While our data do not provide statistical confidence that 50% of all COI− subjects will exhibit functional impairment, as this proportion has inherent scatter that must be measured through several replicates across different player populations, we nevertheless observed that 4 of the original 23 volunteer subjects, about 17%, were COI−/FOI+, which is still a sufficiently large proportion to raise concern. Further, the use of our method for identifying COI−/FOI+ players based on decreases in ImPACT scores, indicates that 12 of the 23 non-concussed contact sport athletes studied by Beckwith et al.41 would be considered COI−/FOI+. This substantiates the proportion we have observed, and indicates that the actual proportion of functional impairment among players who do not exhibit signs of concussion (i.e., COI− players) may indeed be quite high. It should also be noted that there is expected to be considerable variation in neurological response based on player size, speed, skill level, position, and technique, as well as field conditions and level of competition. Consequently, additional studies are needed to elucidate the effects of these parameters and further generalize the results.

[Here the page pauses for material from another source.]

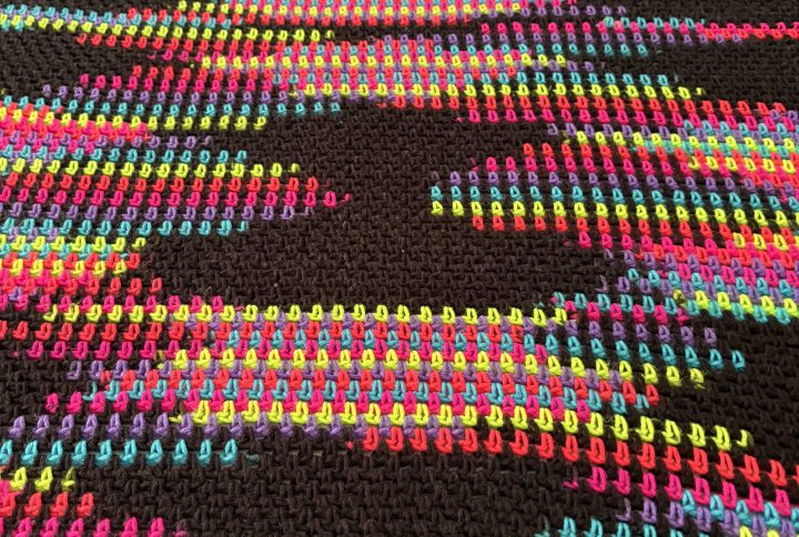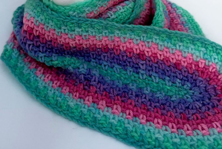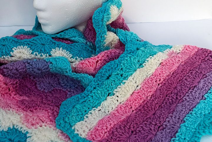 4 1/2” wide and 80” long. Navy, white, and gold. Single interlocking stitches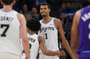 此役,文班亞馬打了24分半鐘,13投9中(三分3中2)、罰球7中7,砍下全隊最高27分11籃板3搶斷,另有4助攻1蓋帽。哈珀出場22分20秒,8投4中(三分1中1),罰球3中2,拿到11分8助攻2搶斷,正負(fù)值+11。

It is suspected that the COI−/FOI+ group comprises players who experienced neurological trauma arising from repeated, sub-concussive head-collision events, each of which likely produces sub-clinical stress on neural tissue.42 In this case, the players failed to accrue sufficient short-term damage to integrative neural systems that they exhibited externally observable symptoms. As such, these players continued to participate in practices and games throughout the season, with neurocognitive and neurophysiological impairments persisting over time (Fig. 3), but never exhibiting symptoms that would trigger evaluation by a healthcare professional. These players not only may be representative of the group associated with “unreported” concussions, but are also likely to meet the criterion of McKee and associates,12 whereby having received repetitive, sub-concussive blows to the head, they may have an increased likelihood of long-term neurodegeneration.8,42

Of particular interest, this functionally (but not clinically) impaired group was primarily comprised of linemen, who experience helmet-to-helmet contact on nearly every play from scrimmage, often to the top front of the head. This finding of degraded neurological performance in the absence of classical symptoms of concussion is consistent with prior observations of CTE in the absence of a commensurate history of concussion in two ex-NFL offensive linemen and a defensive back.9,10 Given the dire outcomes observed as a consequence of CTE, and given that such a functional observation suggests that present clinical practice does not succeed in detecting the neurological deficits in these individuals, it is important that we develop a means to detect when such injury occurs, or perhaps more importantly, to predict and prevent injuries of this nature.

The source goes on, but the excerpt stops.